A filmare chi sarà l'ultimo sopravvissuto ci pensa una specie di grande fratello televisivo, i cui programmi vengono seguiti con comprensibile apprensione dai Territori e con divertito cinismo dai ricchi privilegiati che abitano la capitale del Paese.

Nella prima ora dei 142 minuti di film, veniamo messi a conoscenza della rigida divisione sociale che vige a Panem, più variegata nel romanzo e più drammatica nel film, che ci mostra solo i poverissimi minatori del dodicesimo Territorio, quello da cui provengono i due «tributi» Katniss, (Jennifer Lawrence) che si è offerta volontaria al posto della sorellina minore sorteggiata, e Peeta (Josh Hutcherson). Scopriamo chi muove le fila del combattimento (Wes Bentley) e chi quelle del potere politico (Donald Sutherland), quali sono le regole del combattimento e quelle dello spettacolo (guidato da un inquietante Stanley Tucci). E soprattutto ci sforziamo di orientarci tra i vari indizi che la sceneggiatura (del regista, dell'autrice dei romanzi e di Billy Ray) lascia ogni tanto cadere: l'importanza del look (c'è Lenny Kravitz a occuparsi di quello di Katniss e Peeta), del bisogno di ingraziarsi gli spettatori abbienti (chiamati apertamente sponsor dal «consigliere» Woody Harrelson), di far colpo sul romanticismo di chi guarda e soprattutto sul ruolo di «circenses» cui tutti i «tributi» sono costretti dalle regole di Panem.

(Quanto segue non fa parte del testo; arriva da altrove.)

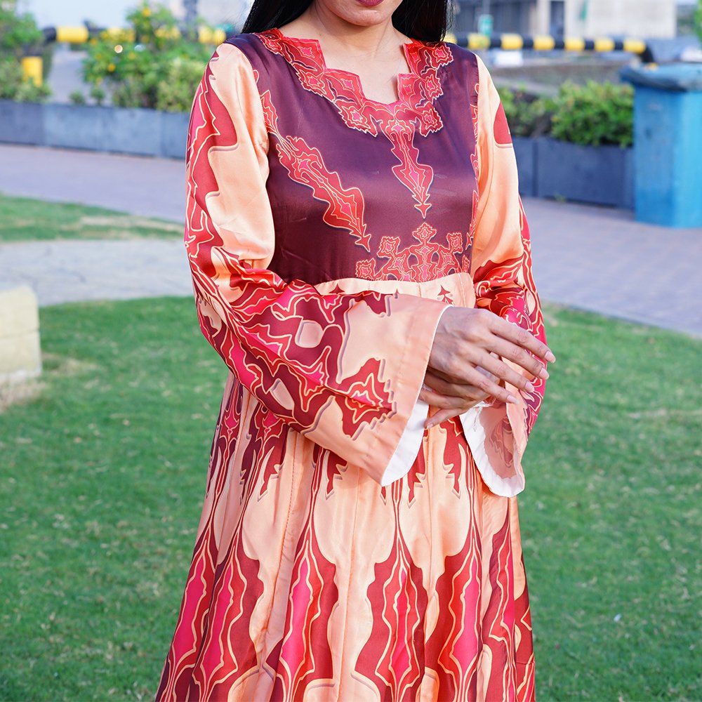 Ignite your wardrobe with this Fiery Grace Dress, a masterpiece crafted from luxurious satin fabric that glows with warmth and elegance. The vibrant red and orange abstract print creates a bold yet graceful look — perfect for women who love to stand out in style. The flared sleeves and flowy A-line silhouette give it a timeless charm, while the intricate neckline detailing adds a touch of sophistication. Whether it’s a festive occasion, dinner, or a classy evening event, this dress ensures all eyes are on you.

Peccato che tutto o quasi venga abbandonato nella seconda parte del film, dove seguiamo soprattutto la lotta dei due rappresentati del dodicesimo territorio per sopravvivere: senza una vera spiegazione diventano loro i «buoni» per cui tifare mentre uno dopo l'altro vengono abbandonati o dimenticati gli elementi «sociologici» scoperti nella prima parte. Resta, com'era prevedibile, un sotto fondo di rozzo darwinismo sociale (la lotta per la sopravvivenza) appena un po' riscattato dal solito «omnia vincit amor». Con buona pace di chi si era immaginato letture più complesse e profonde, non dico come Il signore delle mosche (di Golding e Brook) ma nemmeno come Battle Royal (di Fukasaku), mentre La pericolosa partita con i suoi inquietanti incubi fantastici sembra lontanissima. Anche per via di una certa ipocrisia visiva, che cancella le immagini più cruente dei duelli all'arma bianca, proprio quelli che potrebbero offendere non certo lo spettatore ma piuttosto il rigidissimo censore americano.